Сергей Муравьев: «Происшествие сие решило все мои сомнения; видев ответственность, коей подвергли себя за меня четыре офицера, я положил, не отлагая времени, начать возмущение».
Судьба круто повернулась, но снова сама распорядилась: младшие офицеры уже начали, отступать бесчестно!
Пушкин, значительно менее связанный с заговором, ответит царю, что 14 декабря вышел бы на площадь — «там были мои друзья». В этой смелой фразе спрятано и некоторое самооправдание, существенное для императора: ну, если друзья — дело особое… Друзья, честь, дворянская корпоративность…

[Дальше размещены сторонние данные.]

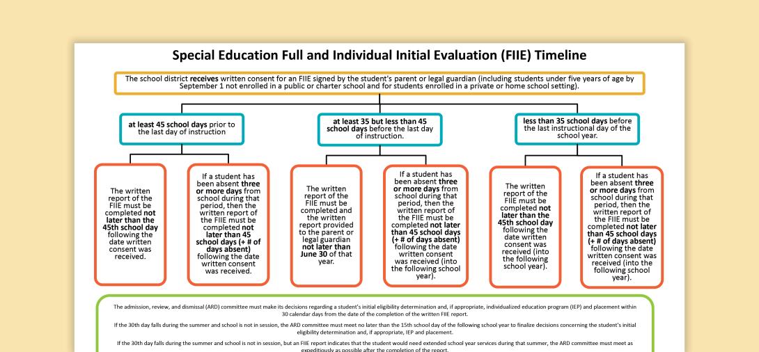 The Special Education Full and Individual Initial Evaluation (FIIE) Timeline provides an overview of the various timelines for an initial evaluation and ARD committee meetings where eligibility is determined based upon when the school district received written consent for an FIIE.

Много лет спустя историки будут рассуждать: Сергей Муравьев оправдывался, будто начал восстание случайно, побуждаемый младшими офицерами, в то время как (историки знали) он только и делал с 25-го по 29-е, что стремился зажечь где-либо огонь мятежа… Все так. Но дело в том, что Сергей Иванович не оправдывается, когда говорит об ответственности четырех офицеров: он объясняет, что толчком было не нарушение, а соблюдение чести. И стало быть, намерение его должно почитаться благородным делом, даже с точки зрения следователей.